The default fromKVHashes hashes both key and value with Blake2b-256 and uses no prefix (treePrefix = const []).

Indirect - Tree Nodes

data Indirect a = Indirect
    { jump  :: Key    -- Path compression: bits to skip
    , value :: a      -- Hash value
    }

Hashing - Hash Operations

data Hashing a = Hashing
    { rootHash    :: Indirect a -> a
    , combineHash :: Indirect a -> Indirect a -> a
    }

Storage

CSMT uses two columns:

Column Key Value
KV User key (k) User value (v)
CSMT treePrefix(v) <> fromK(k) Indirect a (jump + hash)

See Storage Layer for serialization details.

Inclusion Proofs

CSMT inclusion proofs are CBOR-encoded and self-contained.

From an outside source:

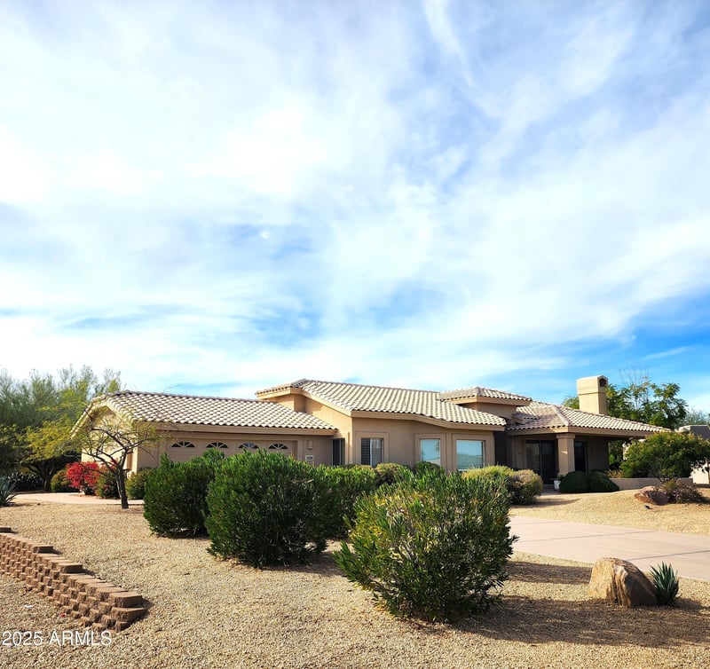 Listing details for 24810 Vado Ct, Rio Verde, AZ 85263 : Located on N. Vado Court! One of the most desirable streets in the community. Excellent view of the sunrise & ''Four Peaks Mountains'' from the front covered patio or enjoy the sunset from the rear covered patio. The backyard is spacious, ideal for a future pool. This popular floorplan is traditional - large Great Room with fireplace & mtn views, formal Dining Room, Kitchen with island, Breakfast Room overlooking the backyard.. The primary bedroom is very generous in size with a full bath. The guest room and bath are accommodating. The office/media room or 3rd bedroom is very adaptable to meet your needs. This room has a direct exit through a slider to the rear covered patio. 2 car garage & a sideload golf cart area. What a wonderful opportunity to become a part of the Rio Verde Community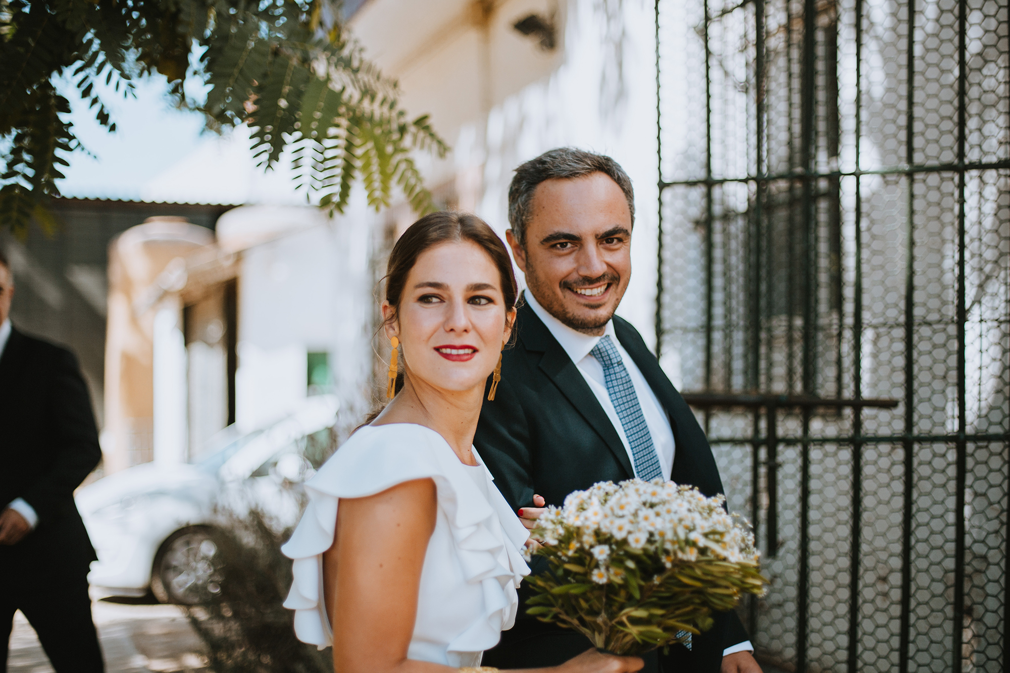 La novia vestía un precioso diseño de Belén Miranda, un diseño juvenil y diferente, acompañado por un ramo de flores de margaritas naturales y frescas, de su peinado se encargó Rocío del Real y de su maquillaje Cristina Gordillo, sus zapatos de ante en tonos verde mint de Jorge Larrañaga.

They include the key, value hash, root hash, proof steps (sibling hashes), and root jump path. Verification is pure computation.

See Inclusion Proof Format for the CDDL specification and verification algorithm.

Completeness Proofs

CSMT supports completeness proofs via the CSMT.Proof.Completeness module. When treePrefix groups entries by a common prefix, a completeness proof demonstrates that a given set of leaves is the entire contents of that subtree:

  1. Collect all leaves under the prefix (collectValues)
  2. Generate a proof (generateProof)
  3. Verify by folding the proof and comparing the reconstructed root

CLI Tool

The mts executable provides an interactive CLI for CSMT operations. It reads from CSMT_DB_PATH and supports insert, delete, query, root hash, and proof generation/verification.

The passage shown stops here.